In some ways, the different firmware components are as important as the actual operating system in a working computer. However, unlike many modern operating systems, firmware does not usually have a well-evolved automatic mechanism of updating itself to fix any functionality problems that may have been detected after shipping the unit. Currently, consumers can update the BIOS in a modern PC fairly easily. Devices like video cards or modems usually depend on firmware dynamically loaded by a device driver. This may cause the specific firmware to be updated transparently through the operating system update mechanisms. Firmware in storage devices, however, rarely gets updated, even when flash storage is used. There are not currently any standardized mechanisms for detecting and updating firmware versions. However, in practice, these devices have a low rate of functionality problems than those that have updated firmware.

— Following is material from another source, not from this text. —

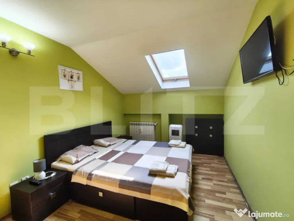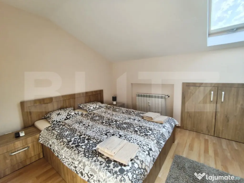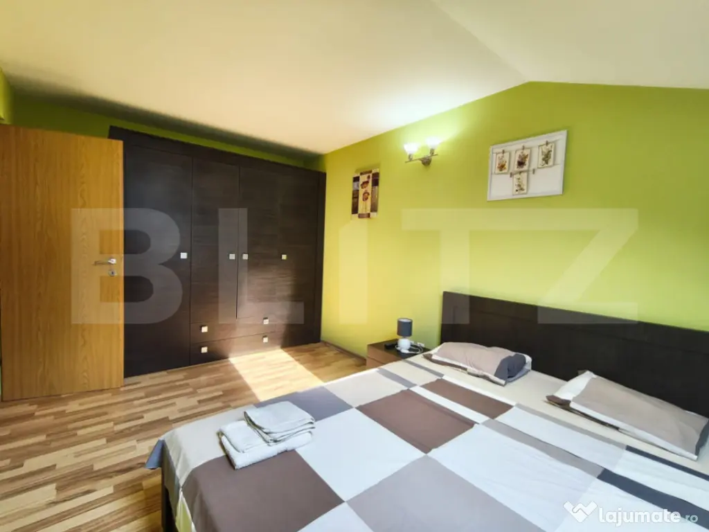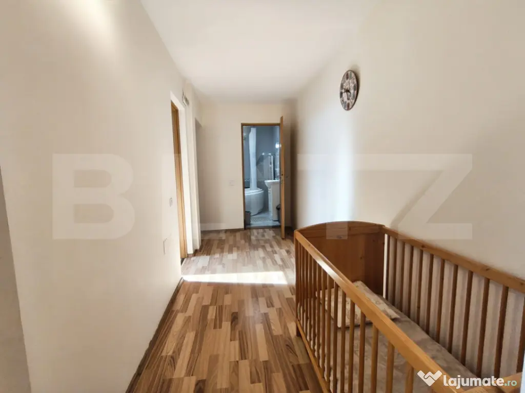 Etaj: doua dormitoare, baie cu jacuzzi, dressing mare si spatiu de depozitare.
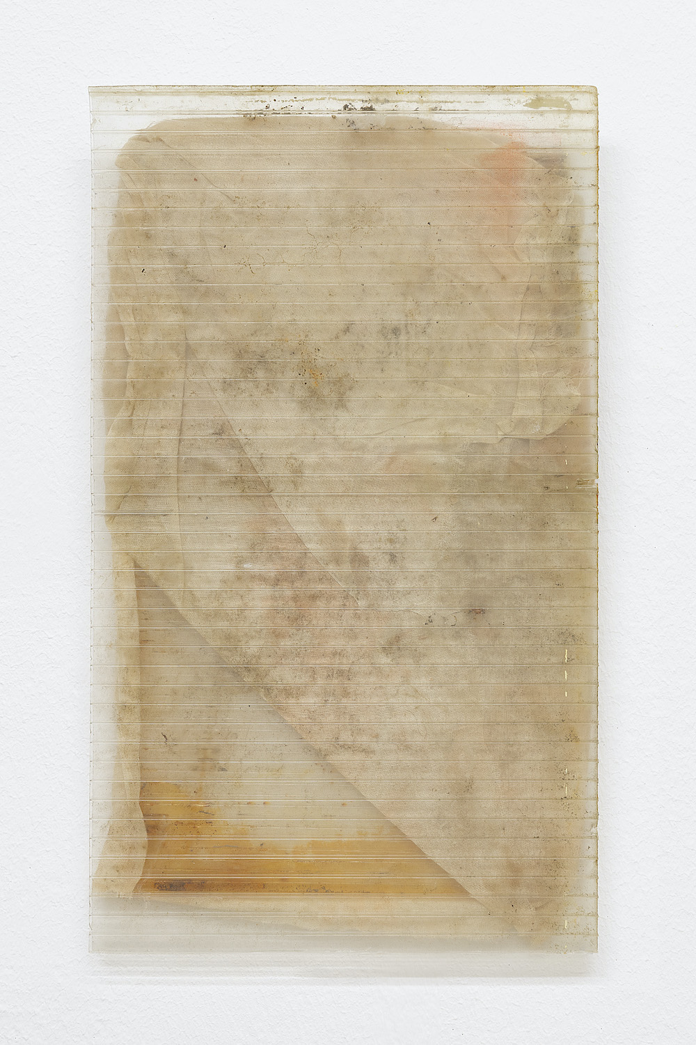 Rost, Sedimente, LKW-Planen, Polycarbonatplatten – Materialien, die sich oftmals unserer Aufmerksamkeit entziehen oder deren Zeitlichkeit wir übersehen, sind zentraler Bestandteil von Kelly Weiss‘ künstlerischer Arbeit. Diese sammelt Weiss auf Spaziergängen durch urbane und industrielle Räume und setzt sie später jeweils in direkten Bezug zu Raum, Umgebung und Bedingungen ihrer Ausstellungsorte.

The majority of computer peripherals are unique special-purpose computers. While external devices have firmware stored internally, modern graphics cards and peripheral expansion cards often have parts of the firmware loaded by the host system at start-up. This in turn creates more flexibility; however, on the other hand, it can also cause function failure when the host computer has not fully “fed” it the requisite firmware, typically via a specific device driver. Modern device drivers often use parts of a normal application in addition to lower level operating interfaces designed for device drivers, which may also expose a direct graphical user-interface for configuration. As of 2010, most modern portable music players support firmware upgrades. Some companies use firmware updates to add new file formats and encodings. Other features that may be changed with firmware updates include the GUI or the life of the battery. Most cell phones are capable of a firmware upgrade for similar reasons, and some may even be upgraded to enhance reception or sound quality. This shows that firmware is used at more than one level in complex products. Since 1996, most automobiles contained an on-board computer and various sensors to detect mechanical problems. However, within the last year, modern vehicles also employ computer-controlled ABS systems and computer-operated Transmission Control Systems. The driver can also receive information on their dashboards while driving in this manner, such as real-time fuel-economy and tire-pressure readings. Local dealers can update most firmware in vehicles.